3 insulin release index = fasting blood insulin concentration (U / ml) / fasting blood glucose concentration (mg / dl), normal value is less than 0.3, insulinoma patients greater than 0.4, often greater than 1.0.

4 insulin release index correction index = insulin concentration (U / ml) × 100 / [glycemia concentration (mg / dl) -30], the normal value is less than 50U / mg, greater than 85U / mg suggest this disease.

5 imaging examination: pancreatic ultrasonography, CT and selective superior mesenteric artery celiac artery angiography.

6 laparotomy: insulinoma is mostly located in the pancreas, ectopic patients are very few, 84% are benign adenomas, diameter 0.5 ~ 5cm, 83% are single, 13% are multiple, the tumor is mostly gray or purple, blood The supply is rich and soft, and the blood glucose rises obviously within 30 minutes after resection of the tumor. Other pathological types are rare, such as B cell proliferation and B cell carcinoma, and the latter may have hilar lymph nodes and intrahepatic metastasis.

(2) extra-islet tumors

Mainly found in tumors originating from epithelial tissues, such as liver cancer, pancreatic cancer, adrenal cancer, bronchial lung cancer, digestive tract carcinoid, etc., followed by tumors originating from interstitial tissues, such as fibrosarcoma, neurosarcoma, rhabdomyosarcoma, leiomyosarcoma, Lymphoma, leukemia and multiple myeloma can be diagnosed by imaging and specialist examinations.
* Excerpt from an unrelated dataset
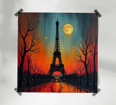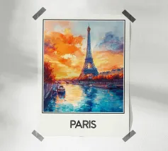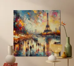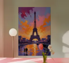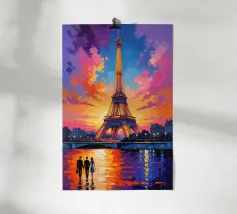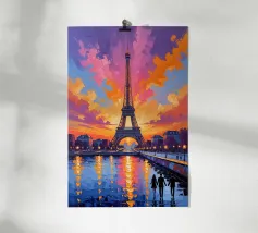 Dit levendige impressionistische schilderij legt de Eiffeltoren vast tijdens de schemering, omgeven door een levendig tapijt van kleuren. Rijke paarse en oranje kleuren domineren de lucht, terwijl de toren majestueus straalt en prachtig weerspiegelt in de Seine. Stelletjes in elegante kleding wandelen langs de verlichte rivieroever en benadrukken de romantische sfeer. De compositie combineert expressieve penseelstreken met een gebalanceerd gebruik van licht en kleur en roept de essentie op van Parijs als een stad van liefde en kunstzinnigheid. Dit schilderij viert de iconische bezienswaardigheid als een tijdloos symbool van romantiek en cultuur.

(3) Other pituitary, adrenal insufficiency diagnosis is seen in the relevant section, in addition to the history of major gastrectomy, drinking history, insulin injection and oral sulfonylurea hypoglycemic history contribute to the diagnosis of hypoglycemia, early type 2 diabetes The hypoglycemic response can be diagnosed by an extended oral glucose tolerance test (OGTT).

Differential diagnosis

1, nervous, mental system diseases

When hypoglycemia is mainly manifested as central nervous system symptoms such as epileptic seizures, disturbance of consciousness, confusion, and abnormal behavior, it is easily misdiagnosed as neurological and psychiatric diseases. If blood glucose can be checked in time, low blood sugar is found to contribute to hypoglycemia. diagnosis.

2, other causes of coma

Hypoglycemia coma can be confused with other causes of coma such as diabetes with ketoacidosis or hyperosmolar coma, cerebrovascular accident, hepatic encephalopathy, etc. It is important to check blood sugar levels.

3, neuropathic weakness

This disease has anxiety, anxiety, fatigue, neuroticism, etc., but the appearance of symptoms has nothing to do with blood sugar levels.

4, non-hypoglycemia syndrome

The patient may have symptoms such as fatigue, apathy, dullness, paralysis, palpitations and the like, but the blood sugar is not low, and the symptoms are not improved after taking the sugar.